In the 93 years since it opened on Sept. 17, 1910, The Hermitage Hotel in downtown Nashville has both scaled the peaks of prestige and sunk into shabby decay. At one point in the early 1990s, loose terra-cotta tiles on the grand old hotel’s exterior were deemed such a danger to pedestrians that the building was partially wrapped in netting.

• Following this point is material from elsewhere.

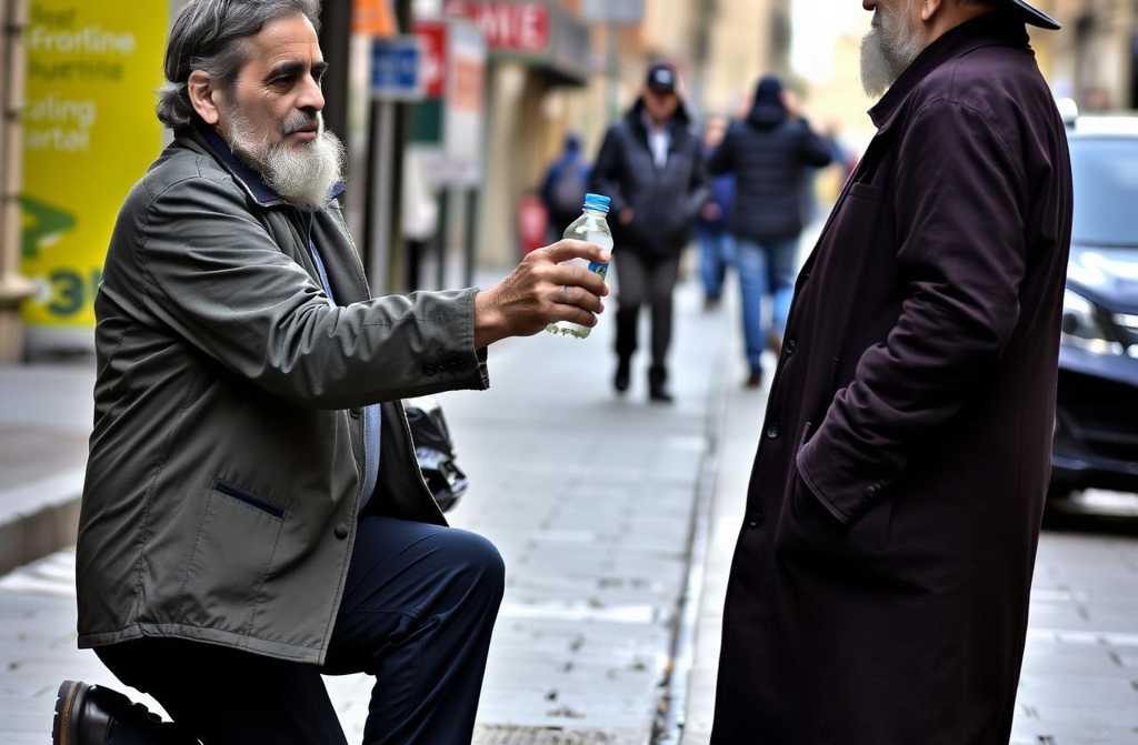 Der Mann sah mich an, als hätte ich ihm einen Schatz gegeben. Seine Augen füllten sich mit Tränen, als er die Flasche nahm.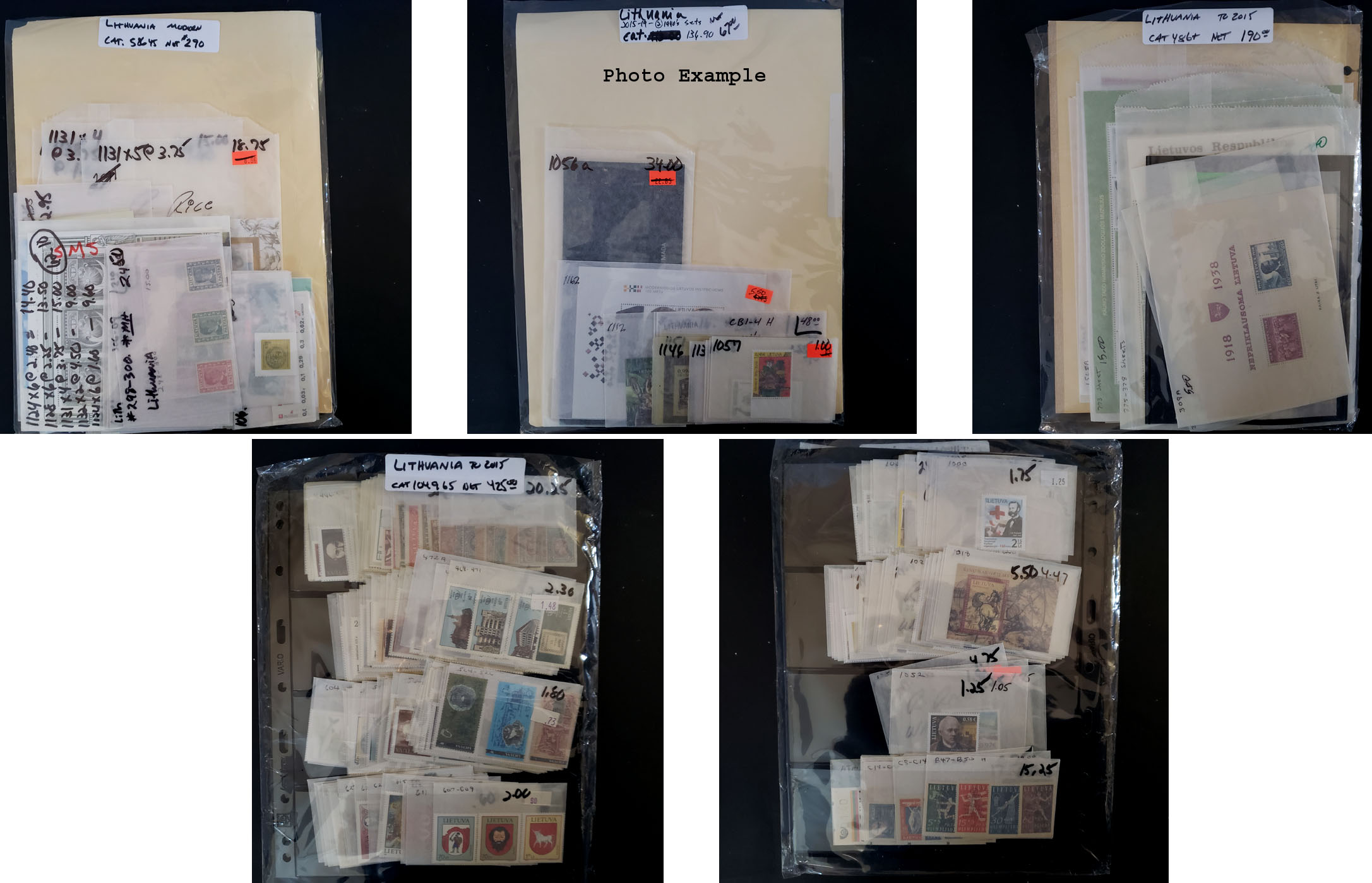 589 imageLITHUANIA MINT NEW ISSUES , includes several dozen mint singles, sets, booklets and a large number of S/S's, mostly contained in glassines where each is identified by Scott number and the current catalog value, runs from #30//1151, virtually all different, this group is as received from the new issue dealers, nice clean lot.

In the mid-’90s, The Cooper Companies of Memphis invested $4 million in the refurbishment and renovation of the hotel and its subterranean restaurant, The Capitol Grille. Their effortsand those of executive chef Willie Thomaswere almost immediately rewarded when Esquire named the restaurant one of the country’s 25 best new restaurants. The crowds responded in kind, and Capitol Grille quickly became the place to show off your culinary sophistication. In 1997, Phoenix-based Starwood Lodging purchased the hotel, Thomas departed, and the bloom, as they say, began to fade from the rose.
Last year, a group of investors purchased the property. Their track record is pretty impressive: They acquired Richmond, Va.’s 100-plus-year-old Jefferson Hotel in 1991, and within a few short years, it had earned the highest possible ratings from both AAA and Mobile Travel Guide.
The Hermitage has been closed for the past year, undergoing a $17 million face-lift. It reopened on Valentine’s Day with 119 rooms, much enlarged guest bathrooms, three executive suites, a $1,500-per-night presidential suite, a sumptuously decorated lobby, a luxuriously appointed fitness center, 24-hour room service, DVD/CD players in every room and concierge service. In other words, all of the amenities that the new landlords feel certain will vault The Hermitage Hotel into the celestial world of five-star ratings.
Central to that quest will be the Capitol Grille and the adjacent Oak Bar. Both have undergone additional refurbishment and some reconfiguration, with all-new decor and furnishings. A hot young chef, Sean Brock, has been installed to oversee the menus in both rooms. Brock, a Virginia native, has worked with Robert Carter at the Peninsula Grill in Charleston, and under Walter Bundy of the Jefferson Hotel’s Lemaire restaurant. An honors graduate of Johnson and Wales University, he grew up eating vegetables picked fresh from his grandmother’s garden and is devoted to using seasonal, regional product: “My goal is to bring upscale Southern food with creative interpretations to Nashville,” he says.
Among Brock’s appetizer temptations are a butter-poached Maine lobster, a warm foraged mushroom tart, and oyster-and-cornbread-stuffed quail. Main courses include acorn squash ravioli, pistachio-crusted rack of lamb, and hazelnut-dusted black grouper. A la carte entrées are bone-in prime rib eye, a veal chop, venison osso bucco, yellowtail tuna and roasted diver scallops.